### 7. Hypothesis Testing: Introduction to Hypothesis Testing

### Errors in Decision Making

Inferential statistics makes use of the limited information provided by a sample to draw conclusions about a larger population.

Samples are not expected to be a perfect representation of their population, however, and in some extreme cases the sample will be very different from the population it is drawn from. Such extreme samples can lead to incorrect conclusions about the population.

Remember that there are two possible decisions that can be made on the basis of a hypothesis test:

- The null hypothesis is rejected.
- The null hypothesis is not rejected.

Both of these decisions can either be correct or incorrect, which leads to four possible scenarios.

\[

\begin{array}{l|c|c}

&H_0\text{ is not rejected}&H_0\text{ is rejected}\\

\hline

H_0 \text{ is true}&\green{\text{Correct decision}}&\red{\text{Type I error}}\\

H_0 \text{ is false}&\red{\text{Type II error}}&\green{\text{Correct decision}}\\

\end{array}

\]

Type I Error

A **Type I error** is rejecting the null hypothesis when, in fact, it is true. This is also known as a false positive result. The probability of committing a Type I error is equal to the *significance level *of the test and is denoted #\alpha#.

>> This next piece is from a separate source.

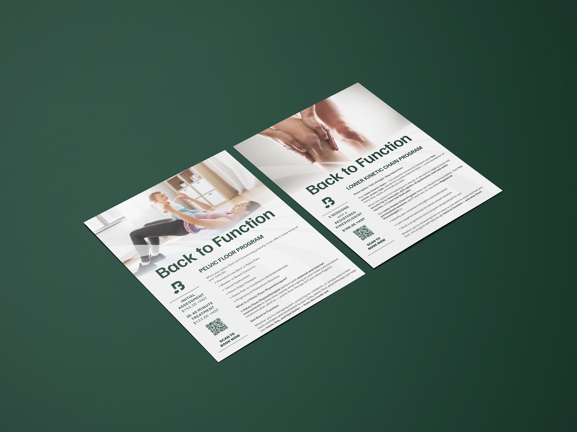 A series of flyers originally designed across 4 different specialties in 2017 - is used as a template. While services have increased and expanded to 6 specialties (2024), the challenge was to include in-depth information about each service while designating a section for program details on cost, contact, location, and how many sessions. Continuing the same look across all flyers makes it easy to refer to specific information.
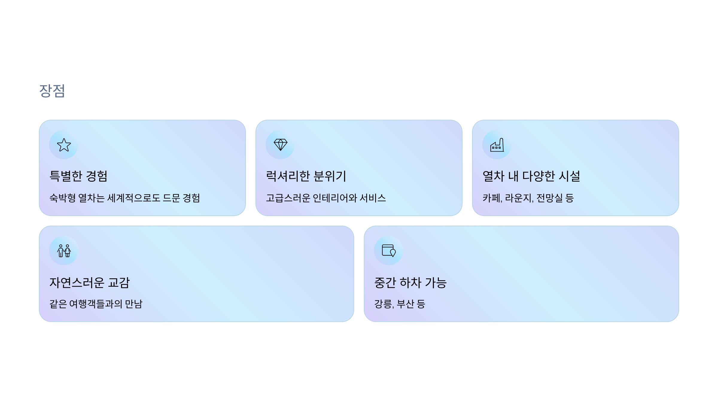 | 해랑 (1박2일) | 약 35만원 | 숙박형 열차, 럭셔리 | 특별한 경험 원하는 분 |

\[\alpha = \mathbb{P}(\text{Type I error})=\mathbb{P}(\text{reject }H_0\,|\,H_0\text{ is true})\]

A *Type I error *is analogous to an innocent person being found guilty.

#\phantom{0}#

Type II Error

A **Type II error** is failing to reject the null hypothesis when, in fact, it is false. This is also known as a false negative a result. The probability of committing a Type II error is denoted by #\beta#.

\[\beta = \mathbb{P}(\text{Type II error})=\mathbb{P}(\text{do not reject }H_0\,|\,H_0\text{ is false})\]

A *Type II error *is analogous to a guilty person being found not guilty.

#\phantom{0}#

The distinction between the two types of errors is illustrated by the following tree diagram:

It might be tempting to reduce the chances of committing a Type I error by choosing a very low significance level.

There is a trade-off, however, as *decreasing* the chances of committing a Type I error simultaneously *increases* the chances of committing a Type II error, and vice versa.